Responsibility for the arrangement of risk management is held by the Company’s Board of Directors and the CEO. The internal audit and internal control support the Board of Directors in performing its duty of supervision. The mission of the Audit Committee elected by the Board of Directors from among its membership is to assess the adequacy and appropriateness of risk management processes and risk management. The Audit Committee reports to the Board of Directors, which supervises the risk management.

Internal audit

Internal audit supports the Board of Directors in performing its duty of supervision.

The internal audit assesses, independently and systematically, the functionality, efficiency and appropriateness of the Group’s management and governance systems, as well as the business processes and risk management. In its reports, the internal audit makes recommendations for the improvement of systems and processes.

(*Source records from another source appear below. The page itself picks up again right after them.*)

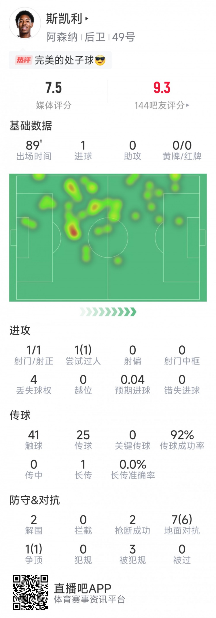2月3日訊 在本輪英超阿森納對(duì)陣曼城的比賽中,小將斯凱利發(fā)揮出色,以下為他在本場(chǎng)數(shù)據(jù):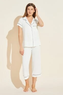 In the mid-2000s, we set out to create the world’s softest pajamas for a beautiful night’s rest. Gisele delivers, merging a classic men’s PJ silhouette with sustainable TENCEL™ Modal fibers. Our luxurious, temperature-regulating knit fabric drapes and falls in all the right ways, enveloping the body in comfort. Plus, it’s machine washable, and gentle on skin, so it not only feels beautiful but it’s easy to care for, too. Reach for the cropped set when you want a sharp, polished look or if you prefer an ankle-length pant.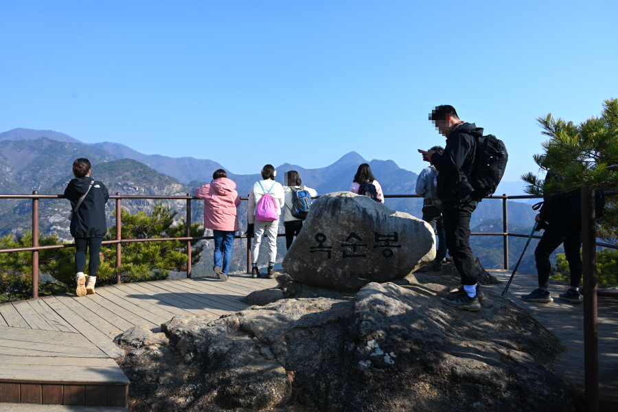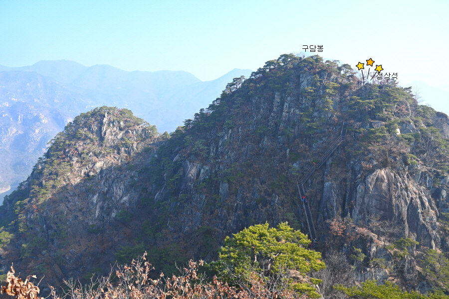 어느 봉우리를 먼저 가느냐는 상관 없습니다. 모두 오른쪽 구담봉으로 향하기 때문입니다. 그러다 보니 등산객과 관광객이 한꺼번에 몰려 복잡한데다 철계단에서는 정체가 됩니다.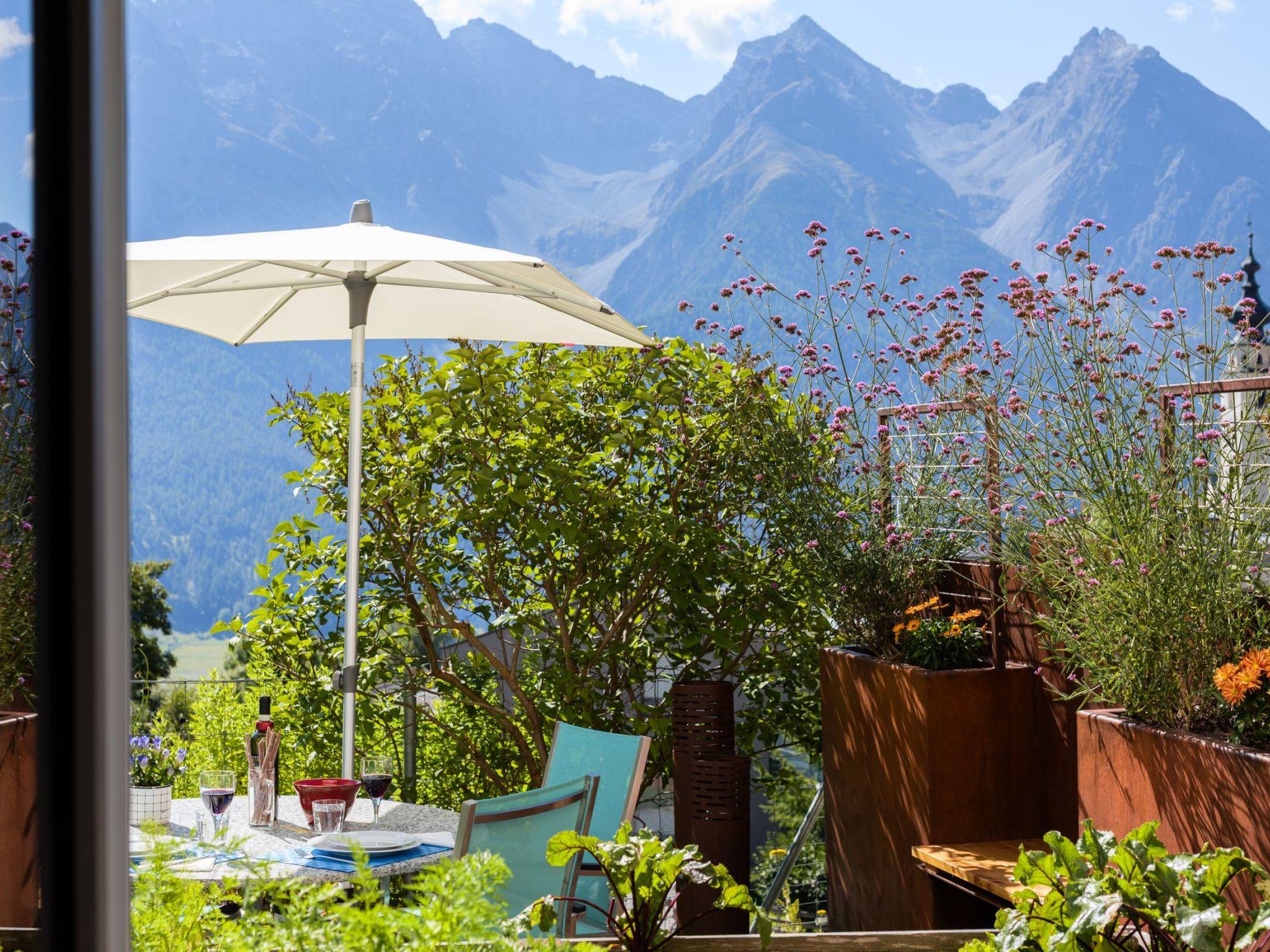 Discover the charm and beauty of our holiday home, situated on a sun-drenched high plateau at 1650 metres above sea level. Enjoy the unobstructed view of the impressive mountain panorama of the Lower Engadine Dolomites and the peaceful atmosphere that surrounds our home. Equipped with a sunny garden seating area, this is the ideal place for those seeking relaxation and nature lovers.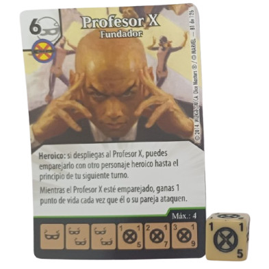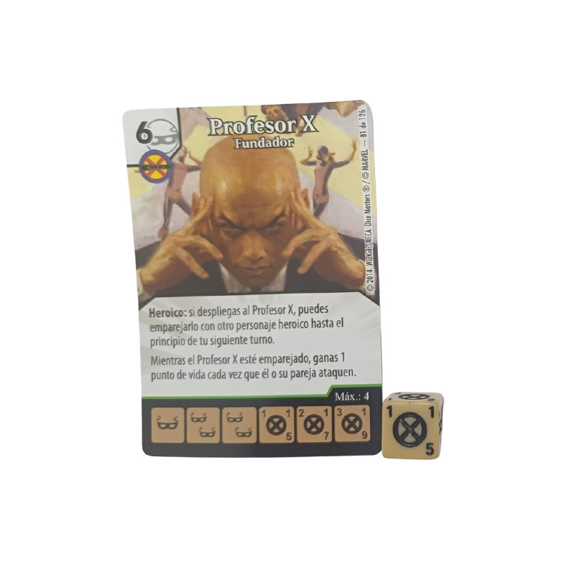 Tarjeta de Dice Masters Profesor X (Fundador) 081. Incluye dado exclusivo y carta de personaje en español.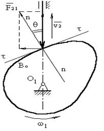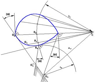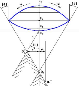 Якщо реверс не враховувати, то другий промінь проводять через т.Во під кутом [θ]. Центр кулачка буде в т.О1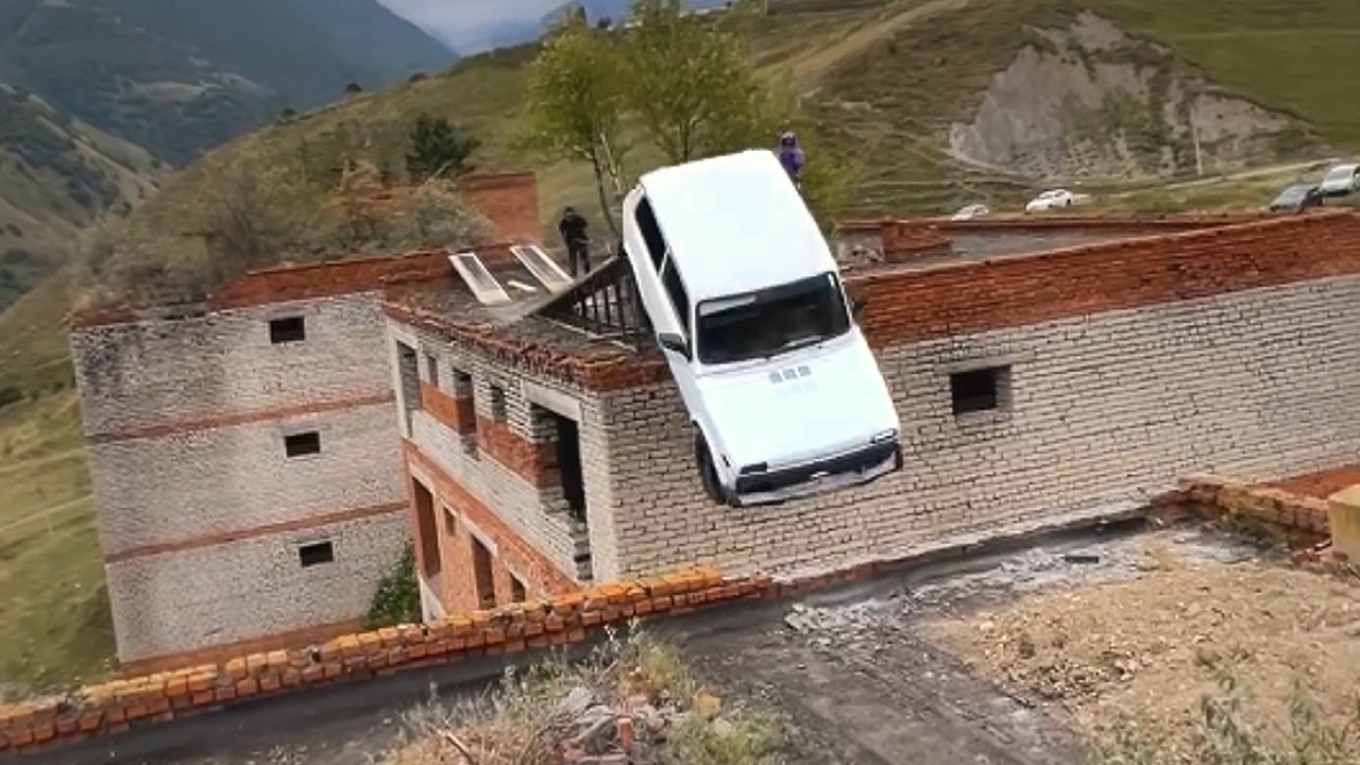Αφού πήρε θέση μέσα στο λευκό Lada Niva του, έβαλε μπρος και επιχείρησε να ανέβει με μεγάλη ταχύτητα μια ράμπα και να πηδήξει στο διπλανό, χαμηλότερο κτίριο. Ωστόσο ο παράτολμος άνδρας δεν κατάφερε να επιταχύνει όσο έπρεπε και το αυτοκίνητο συγκρούστηκε στον απέναντι τοίχο και έπεσε στο κενό.

The aim of the internal audit is to give reasonable reliability of the correctness of financial and business reporting, the appropriate management of Company’s assets and the legality of Company’s activities. In addition, the internal audit aims to promote the development of the risk management. The person liable for the internal audit reports to the Chief Financial Officer (as the member of the organisation) and the findings of internal audit to the President and CEO as well as to the Audit Committee of the Board.
The Audit Committee deals with the annual plan for internal auditing and the Board of Directors approves them. The subjects for auditing are selected in accordance with the Group’s strategic goals, estimated risks and priorities.

Audit

The annual general meeting elects a single auditor for the Company, which must be an auditing firm approved by the Central Chamber of Commerce. The auditor's term in office is the financial year and their duties end at the closing of the annual general meeting following the one at which they were elected.

The auditor for the financial year 1 January to 31 December 2017 was KPMG Oy Ab with Lasse Holopainen, M.Sc. (Econ.), APA as the auditor in charge. The audit checks the accounts, financial statements and administration of the Company and Group.

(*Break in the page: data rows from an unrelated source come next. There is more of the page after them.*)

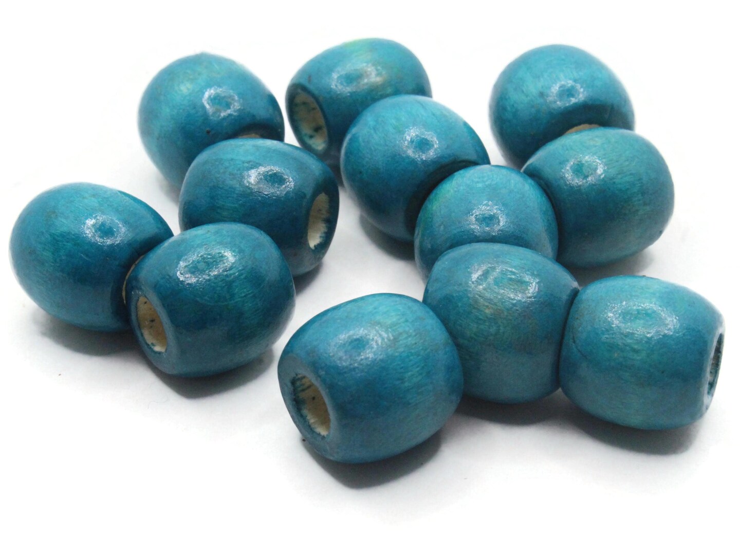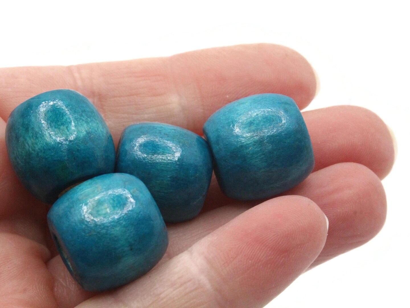 12 30mm Blue Wood Barrel Large Hole Wooden Tube Beads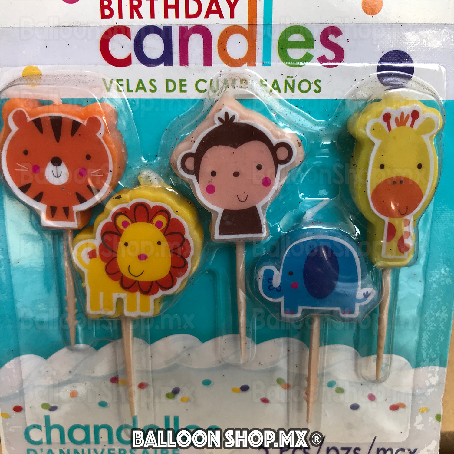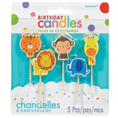 Kit de 5 velitas de animales decoradas a todo color y con muchos detalles. Cada velita trae un palito para enterrarse en el pastel.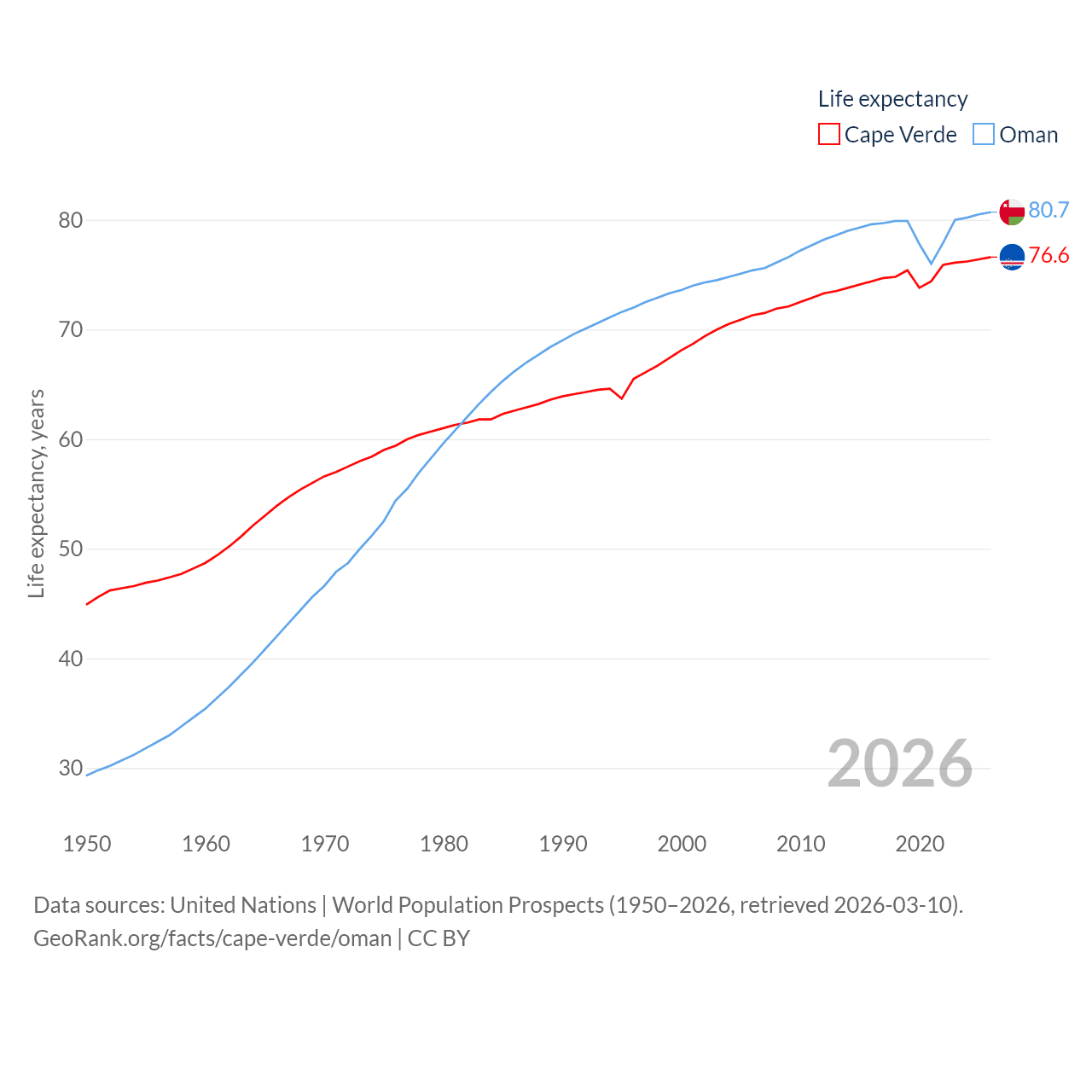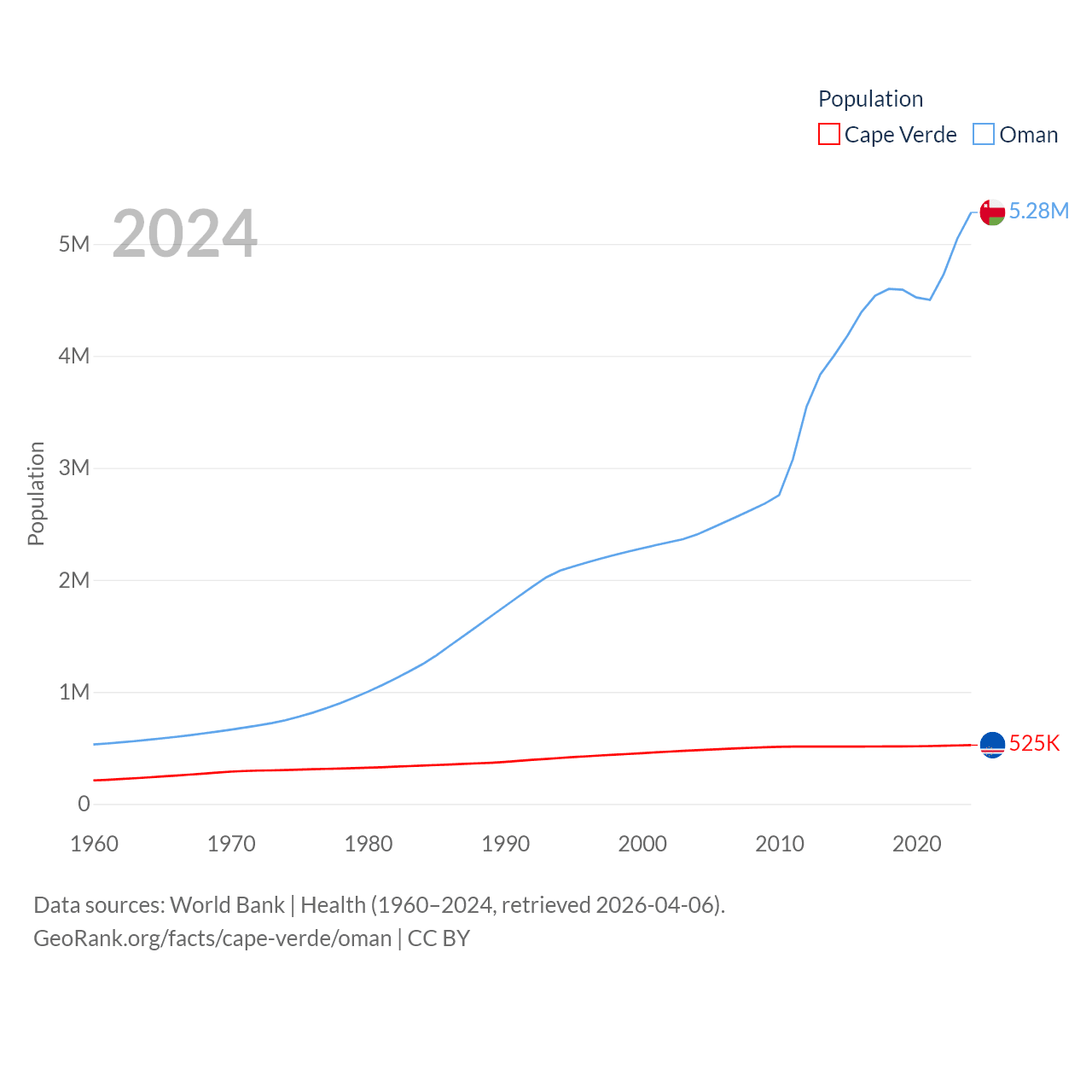 Cape Verde has a population of 525K (ranked 169/197), compared with 5.28M in Oman (ranked 124/197). Cape Verde's land area is 1,556 sq mi versus 119,499 sq mi for Oman (ranked 167th vs. 68th).

In 2017, the auditor was paid auditing fees of EUR 124 808. The auditor was also paid EUR 71.158 for other services (including all companies belonging to the same group or chain).

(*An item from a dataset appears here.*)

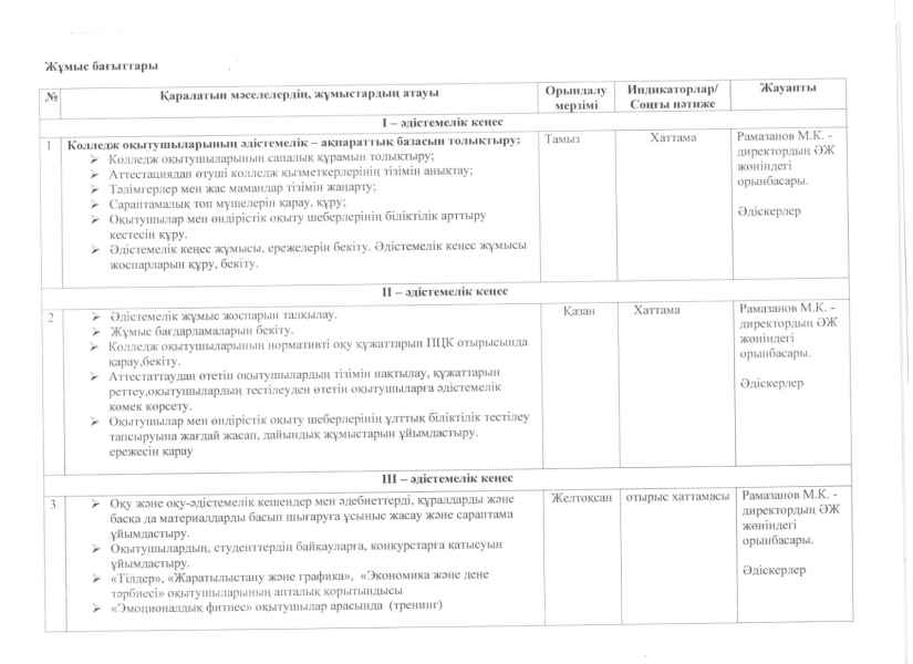 Әдістемелік кеңес жоспары

Related party transactions

A key employee included in the management of SATO Corporation is obligated to report in writing to the person in charge of related party issues any related party transaction that involves the key employee in question, their close family member or corporation in which said employee or their close family member hold control or have prominent influence.

The report must be submitted for approval before completing the related party transaction. In the case of major transactions, the Board of Directors will make a decision on whether to accept the reported related party transaction. In the case of transactions that are part of SATO's regular business, or minor transactions valued less than EUR 10,000, the decision can be made by the Chair of the Board, the President and CEO or the CFO. Regulations concerning recusal due to the likelihood of bias are observed in decision making.

The closeness of the related party relations and the size of the transaction are taken into account, as well as any exceptions from market conditions, whether the transaction is part of SATO Group's daily business, whether there are financial grounds for the transaction and whether it is acceptable from the viewpoint of SATO Group.

Insider trading management

SATO’s rules concerning insider trading are based on the EU’s Market Abuse Regulation (596/2014), the Finnish Securities Markets Act and they comply with the standards of the Financial Supervisory Authority and the guidelines of the Helsinki and Irish stock exchanges where these apply to a party issuing listed bonds. The insider guidelines include, among other things, guidelines concerning SATO’s financial instruments. SATO does not keep a list of insiders. A project-specific list of insiders is based on a decision by the President and CEO or, if he/she is recused, the CFO. Insider information is in particular information that concerns the ability of SATO and the SATO Group to fulfil their commitments in respect of bond issues.